### Exercise objective
Would you please repeat, word for word, only the lines from the one holding "1850 Szignettás levél" through the one holding "Mit dem Google" in the material below, without the pictures?

### Supplied entries
■ ■ ■

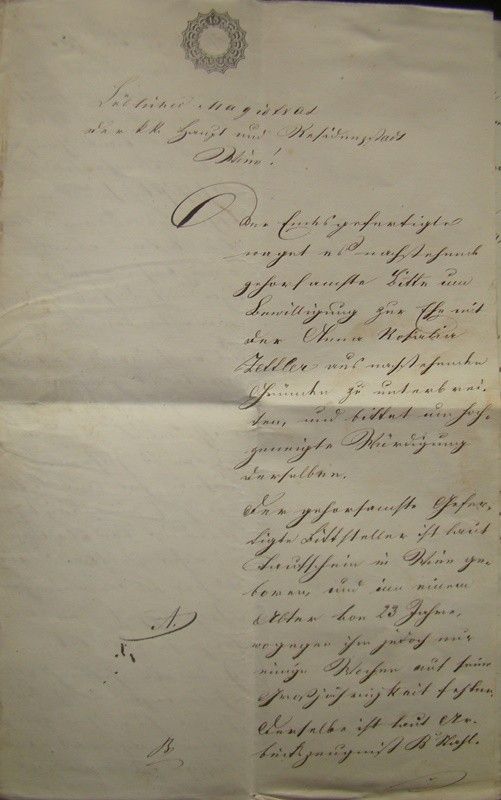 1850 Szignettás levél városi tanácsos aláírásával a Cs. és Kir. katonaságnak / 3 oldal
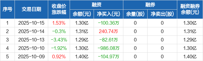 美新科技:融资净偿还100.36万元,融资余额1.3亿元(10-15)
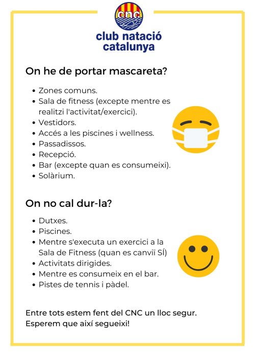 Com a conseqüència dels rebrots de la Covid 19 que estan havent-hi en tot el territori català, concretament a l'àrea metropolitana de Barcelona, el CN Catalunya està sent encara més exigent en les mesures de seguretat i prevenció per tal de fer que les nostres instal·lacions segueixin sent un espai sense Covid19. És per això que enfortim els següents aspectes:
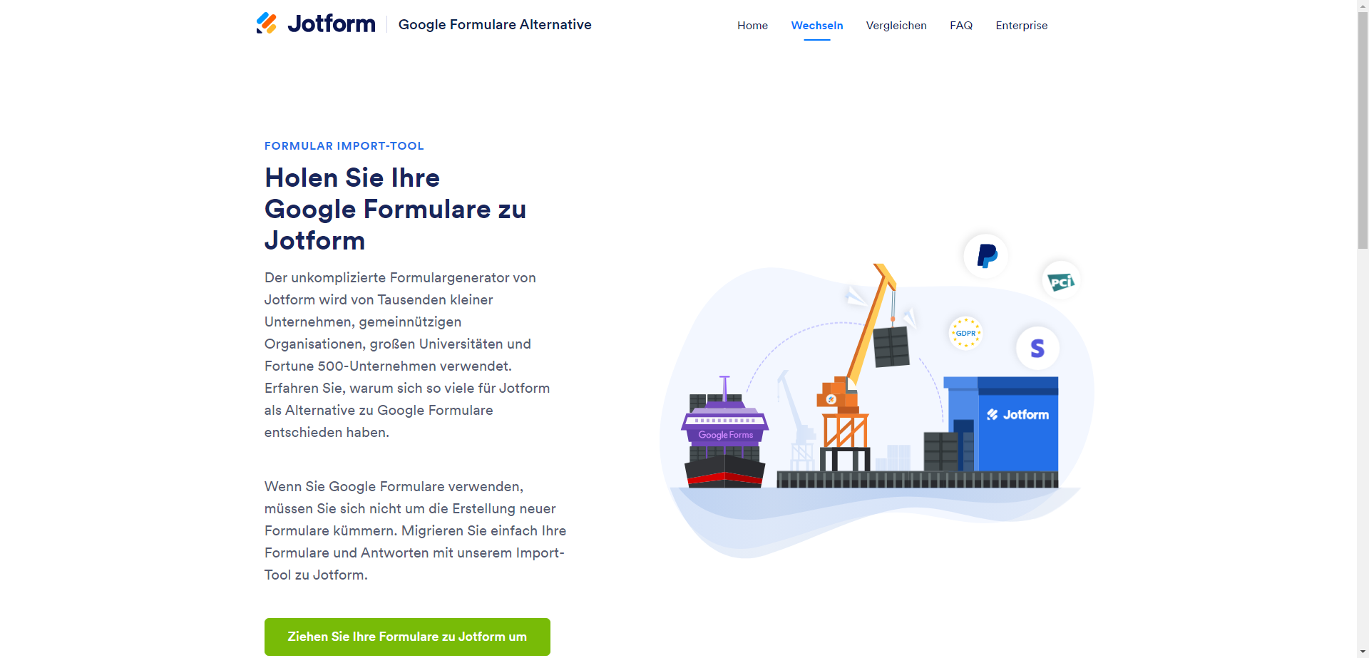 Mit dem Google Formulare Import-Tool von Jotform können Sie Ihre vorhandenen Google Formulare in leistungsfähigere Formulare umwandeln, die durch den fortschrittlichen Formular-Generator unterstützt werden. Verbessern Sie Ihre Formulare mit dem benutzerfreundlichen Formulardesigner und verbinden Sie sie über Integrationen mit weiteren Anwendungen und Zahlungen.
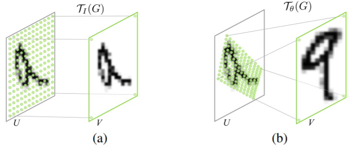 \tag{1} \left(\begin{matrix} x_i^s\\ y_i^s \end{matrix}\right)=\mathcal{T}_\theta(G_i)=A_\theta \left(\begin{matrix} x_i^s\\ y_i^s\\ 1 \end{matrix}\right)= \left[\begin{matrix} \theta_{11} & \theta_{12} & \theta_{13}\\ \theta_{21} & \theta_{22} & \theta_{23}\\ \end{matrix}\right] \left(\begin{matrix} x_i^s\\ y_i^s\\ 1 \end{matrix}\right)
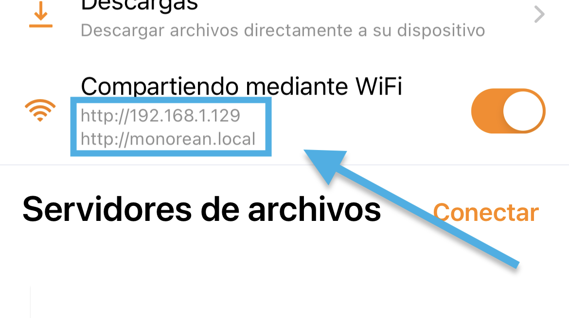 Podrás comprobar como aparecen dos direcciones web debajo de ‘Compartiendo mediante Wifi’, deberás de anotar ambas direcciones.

■ ■ ■

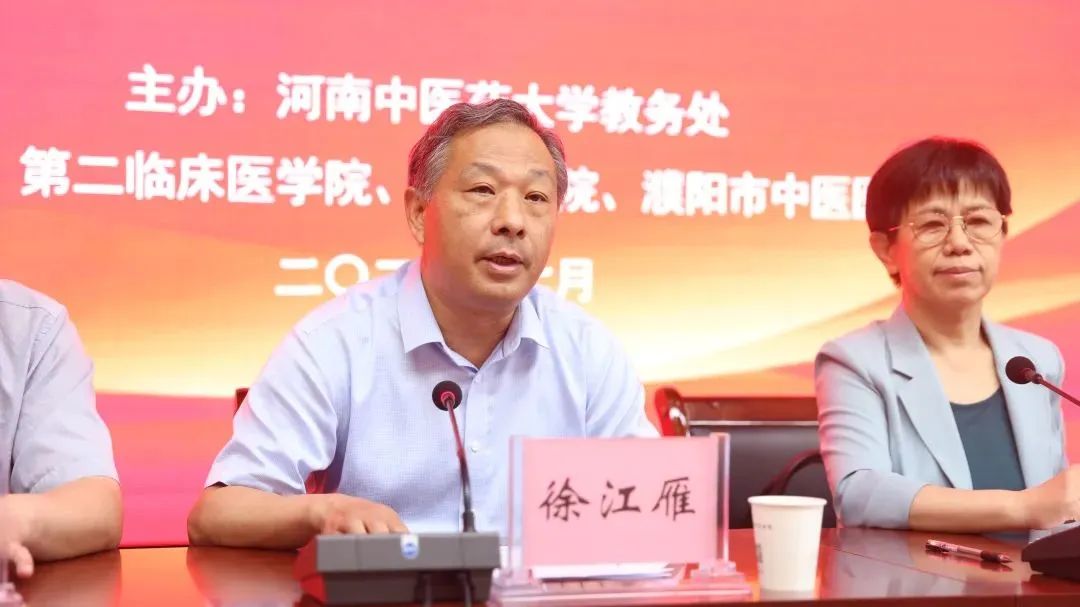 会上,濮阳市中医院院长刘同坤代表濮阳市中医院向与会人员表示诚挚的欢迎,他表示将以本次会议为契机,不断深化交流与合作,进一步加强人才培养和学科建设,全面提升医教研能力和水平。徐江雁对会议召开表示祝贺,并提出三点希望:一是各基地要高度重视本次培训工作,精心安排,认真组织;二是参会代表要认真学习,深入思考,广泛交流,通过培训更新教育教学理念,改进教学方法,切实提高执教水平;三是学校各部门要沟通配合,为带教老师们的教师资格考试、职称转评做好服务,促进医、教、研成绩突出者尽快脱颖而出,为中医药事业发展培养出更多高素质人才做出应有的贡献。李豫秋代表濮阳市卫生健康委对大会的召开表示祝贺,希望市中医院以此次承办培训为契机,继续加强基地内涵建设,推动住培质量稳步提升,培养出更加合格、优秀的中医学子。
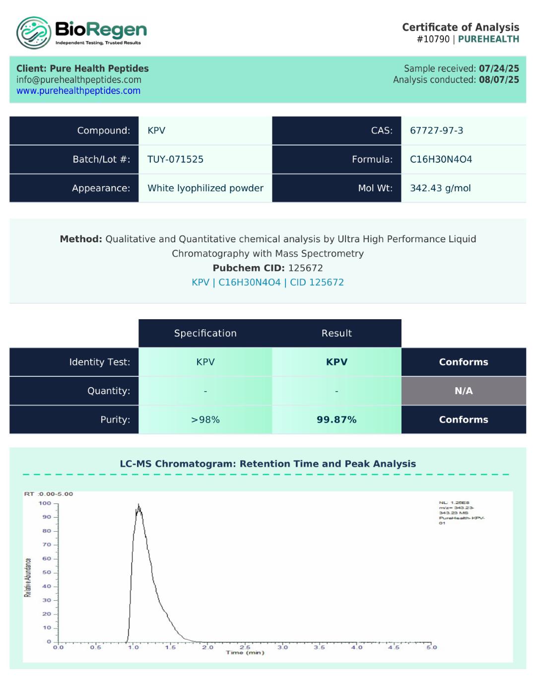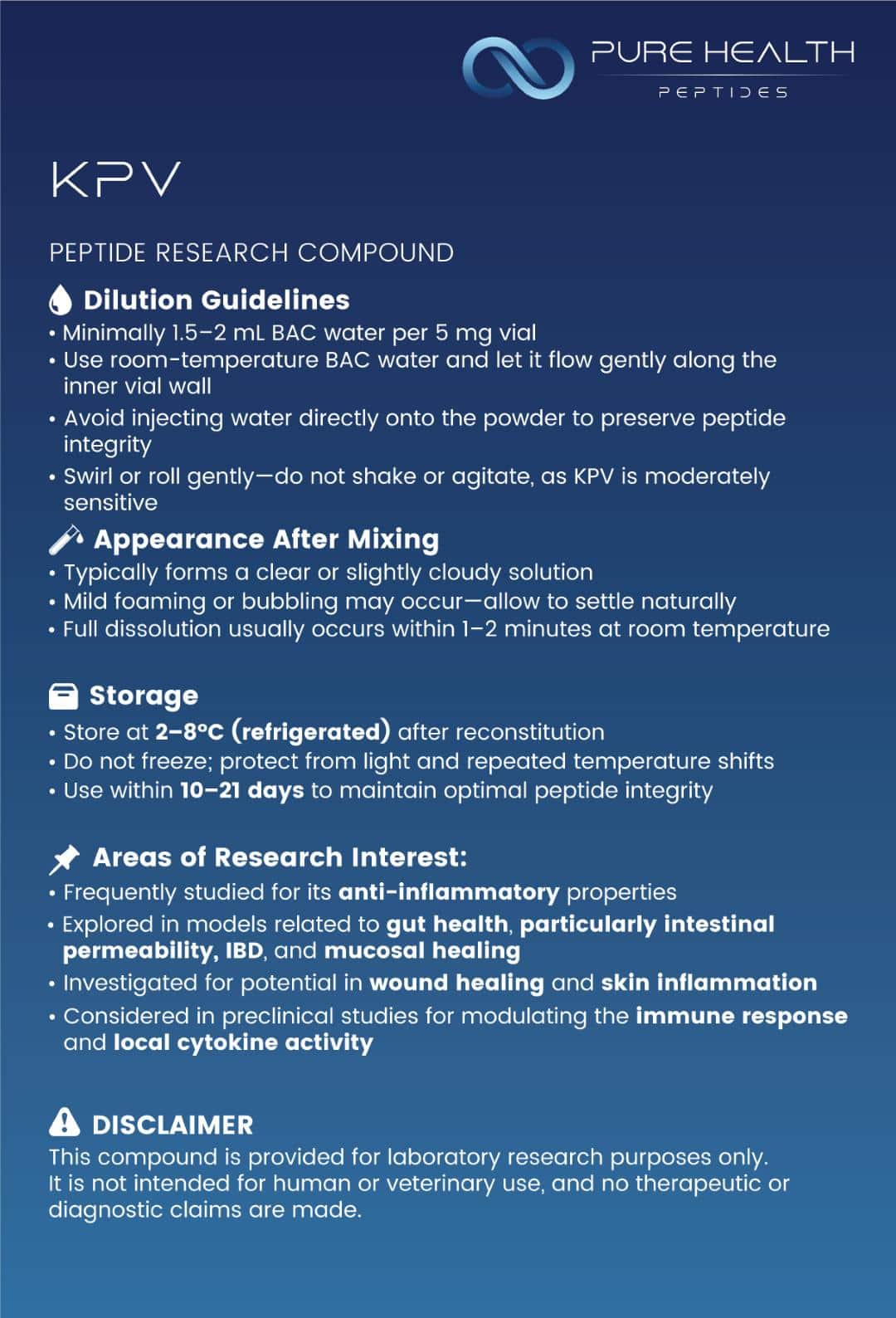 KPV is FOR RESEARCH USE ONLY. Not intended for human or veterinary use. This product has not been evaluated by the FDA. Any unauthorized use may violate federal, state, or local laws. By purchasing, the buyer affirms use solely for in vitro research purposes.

■ ■ ■

### Answer
 1850 Szignettás levél városi tanácsos aláírásával a Cs. és Kir. katonaságnak / 3 oldal
 美新科技:融资净偿还100.36万元,融资余额1.3亿元(10-15)
 Com a conseqüència dels rebrots de la Covid 19 que estan havent-hi en tot el territori català, concretament a l'àrea metropolitana de Barcelona, el CN Catalunya està sent encara més exigent en les mesures de seguretat i prevenció per tal de fer que les nostres instal·lacions segueixin sent un espai sense Covid19. És per això que enfortim els següents aspectes:
 Mit dem Google Formulare Import-Tool von Jotform können Sie Ihre vorhandenen Google Formulare in leistungsfähigere Formulare umwandeln, die durch den fortschrittlichen Formular-Generator unterstützt werden. Verbessern Sie Ihre Formulare mit dem benutzerfreundlichen Formulardesigner und verbinden Sie sie über Integrationen mit weiteren Anwendungen und Zahlungen.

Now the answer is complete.